Inti-slam, de son vrai nom Intissam Dahilou est une de ces femmes dont la présence sur l’espace culturel comorien dure et persiste. Dans ce pays où une femme n’a rien à faire sur la place publique, où la tradition ne lui permet pas de prendre la parole en public, où certains trouvent encore incongru qu’une élue soit présente dans un mawulida, c’est un exploit. Cela fait maintenant plus de 8 ans qu’Inti-Slam déclame ses textes sur les scènes comoriennes avec son collectif de slameurs, « Art 2 la plume ». Mais le slam n’est pas la seule corde à sa guitare. Elle est aussi musicienne, écrivaine et actrice. Elle touche au théâtre et au cinéma. « L’une des meilleurs ici » affirme avec certitude Mounawar. Par MiB
Être née aux Comores, un pays qui ne soutient pas la culture
Éclectique, elle est aussi une boulimique des actions culturelles. C’est la première chose qu’évoque le rappeur et slameur Soly quand on lui parle d’Inti-slam : « la multiplicité des talents… c’est rare de trouver chez une personne de telles qualités réunies ». Il ne trouve aucun défaut à l’artiste si ce n’est celui « d’être née aux Comores, un pays qui ne soutient pas la culture ».
Lundi 15 février, Inti-slam sort son premier album composé de de cinq titres de slam intitulé Tabiri. En solo, sans ses complices du groupe Art 2 la plume. En 2019, son premier clip était aussi en solo. Tabiri, c’est à la fois du slam et de la chanson, avec des rythmes variés et en fond le son de sa guitare, qui sait se faire discrète pour laisser la voix de l’artiste nous emporter. Cette voix formate les mots, les décontextualise pour mieux nous inculquer les messages qu’ils portent.
Un rêve destructeur
L’art est pour Inti-slam clairement engagé. Elle écrit, elle slame pour passer un message à ses compatriotes, première cible. Tabiri, n’est donc pas là pour chanter la beauté de ses îles ou les amours éphémères, mais le désespoir d’une jeunesse laissée pour compte, au bord de la route.
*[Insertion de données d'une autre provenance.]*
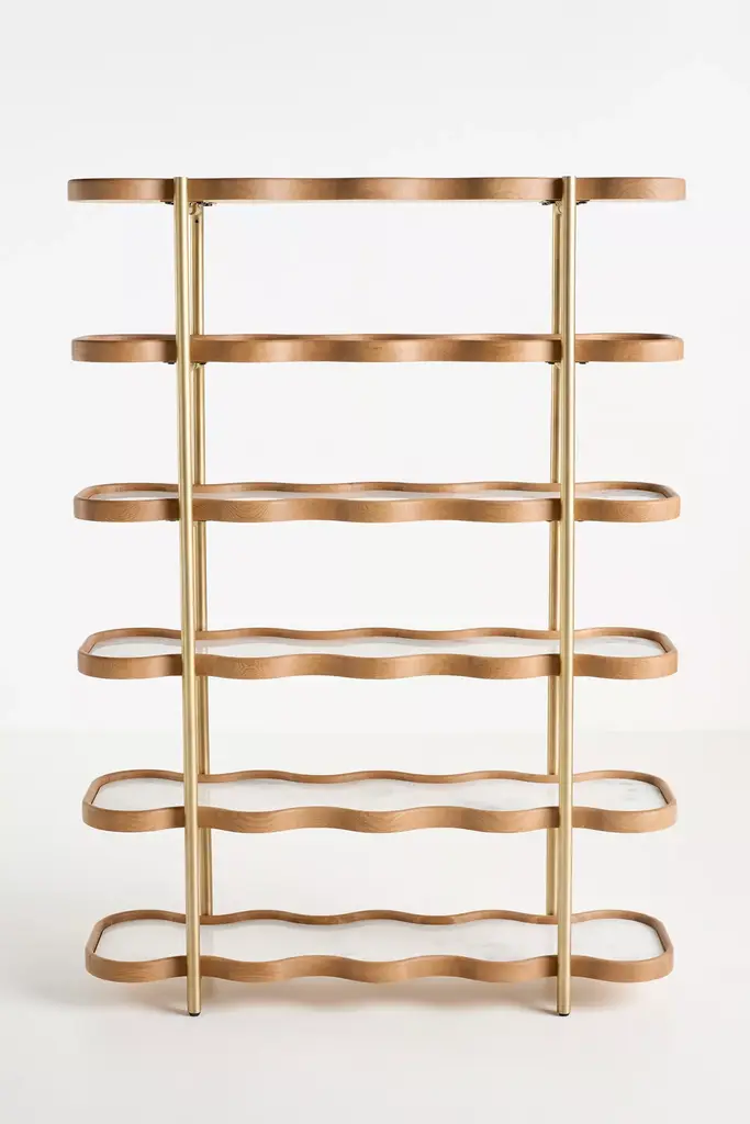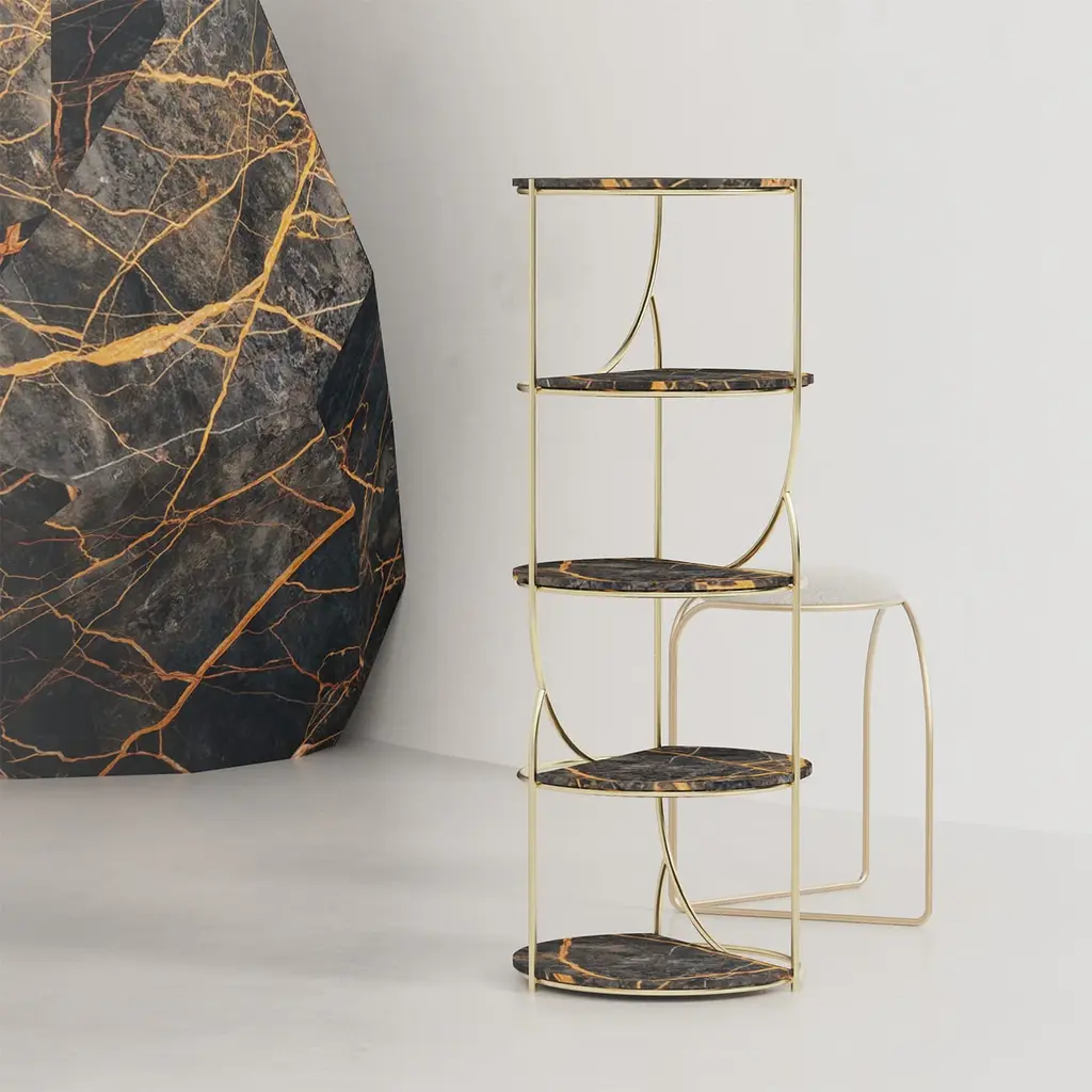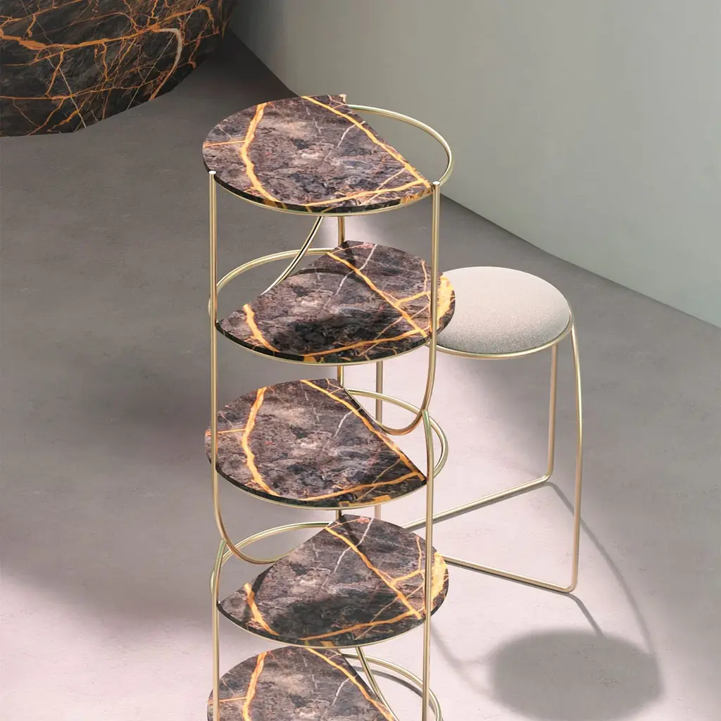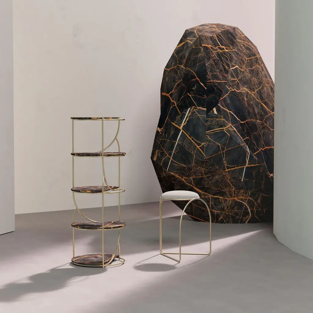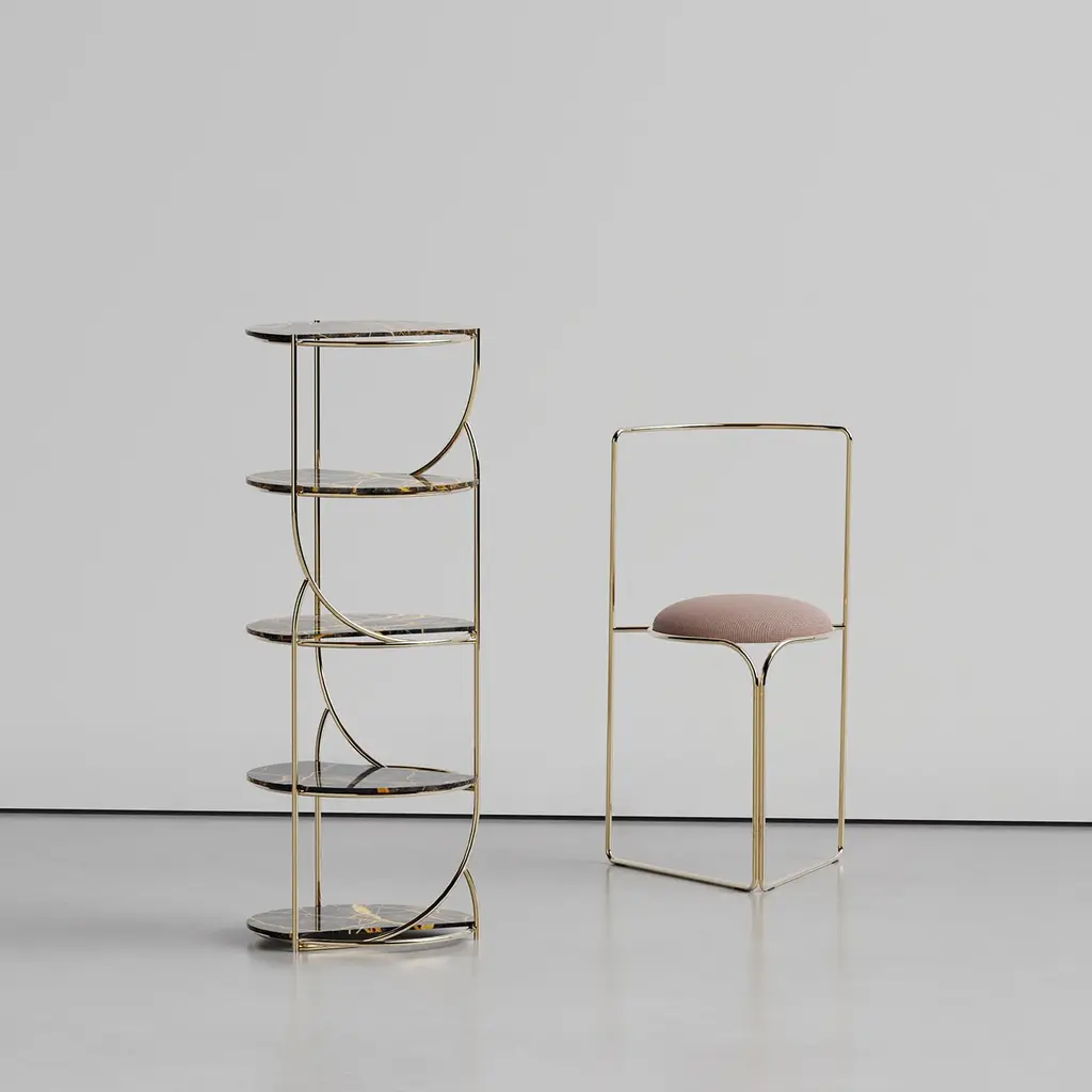 The geometric pattern takes shape in the space through the use of metal wire. A large-scale composition that reveals itself to the observer based on their point of view. Cosette 110 is a bookshelf designed by Enrico Girotti, made of gold and chrome galvanized steel with repositionable shelves in marble. Each piece of furniture is individually and comes with a signed Certificate of authenticity. Also available in other finishes and measures, please contact the concierge.
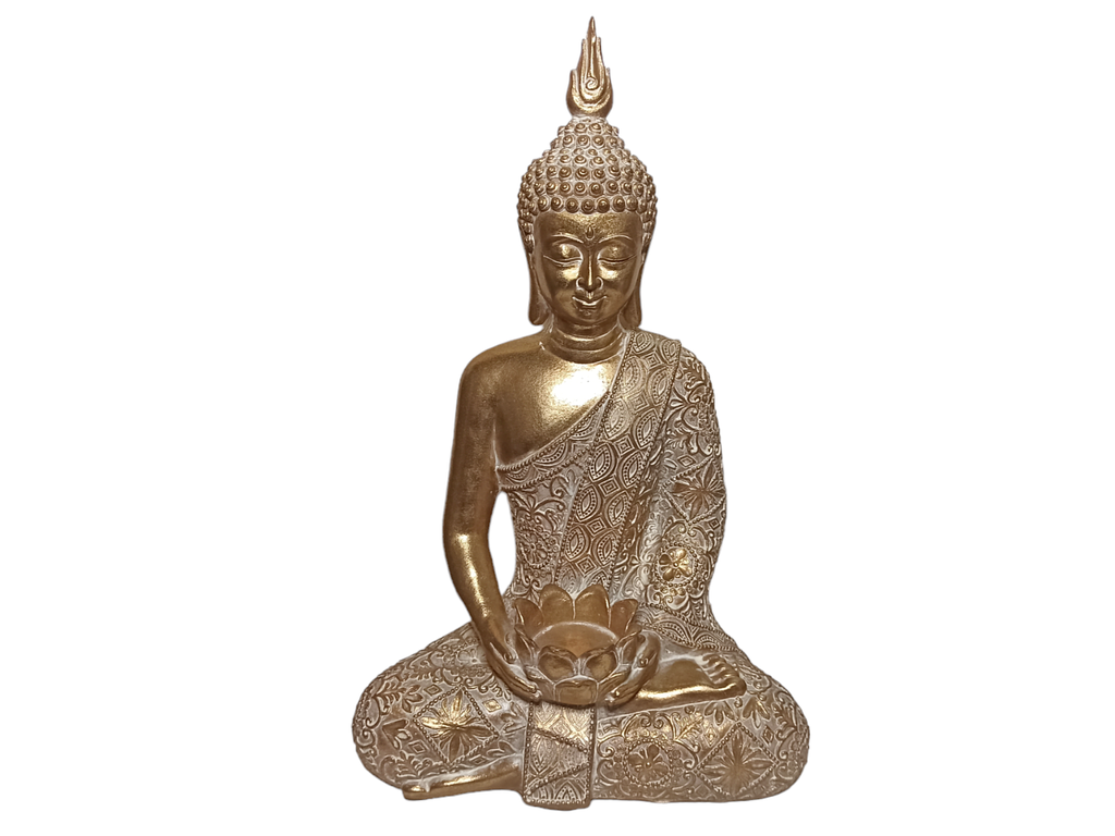 Декор для дома в виде статуэтки золотого Будды, сидящего в позе для медитации, с чашей лотоса в руках. Цвет Будды - золотой с белым налетом.

« Tabiri » en comorien, c’est le rêve. Et c’est le thème qui parcourt les cinq titres déclamés par Inti-Slam sur fond de guitare acoustique, qu’elle joue elle-même. Le texte éponyme est un slam écrit en shikomori, en réalité un mélange de shindzuani (ce qui nous rappelle qu’elle est née à Tsembehou, Anjouan) et de shingazidja (elle vit dans l’île de Ngazidja depuis plusieurs années). Ce slam, le seul qui est à la troisième personne, décrit un personnage accablé par une situation difficile et qui se met à rêver de grandeur et de richesse. Il prie Dieu, mais comme il n’a pas satisfaction, il se détruit par l’alcool et s’en prend à Dieu. Un rêve destructeur.
Une génération sacrifiée
Un autre slam décortique cette forme désastreuse du rêve. Il porte bien son nom puisqu’il s’agit d’« Utopie ». Bien que la slameuse avance le « Je » et donne l’impression de parler d’elle, en réalité, elle décrit la condition des jeunes comoriens, désœuvrés et au chômage malgré les diplômes qu’ils possèdent. Lorsqu’elle se décrit « assise sur une vague d’utopie… A m’inventer des possibles, des rêves et des vertus », c’est bien du sort de toute une génération sacrifiée dont elle parle. D’ailleurs, plus loin dans le même slam, il est clair qu’elle parle de toute la jeunesse des Comores quand elle dit : « Des rêves impossibles que la plupart mettent à la poubelle / Des postes à mendier si on veut signer avec le diable. » Avec ou sans diplôme, les jeunes Comoriens mendient des postes aux hommes politiques et se mettent à leur merci. Elle désigne clairement la classe dirigeante comme étant responsable de la situation désastreuse des jeunes (« D’ailleurs nos dirigeants ne se gênent pas de remplir les poches ») dont les rêves se transforment en cauchemars qui ont pour noms : alcool, drogue, prostitution…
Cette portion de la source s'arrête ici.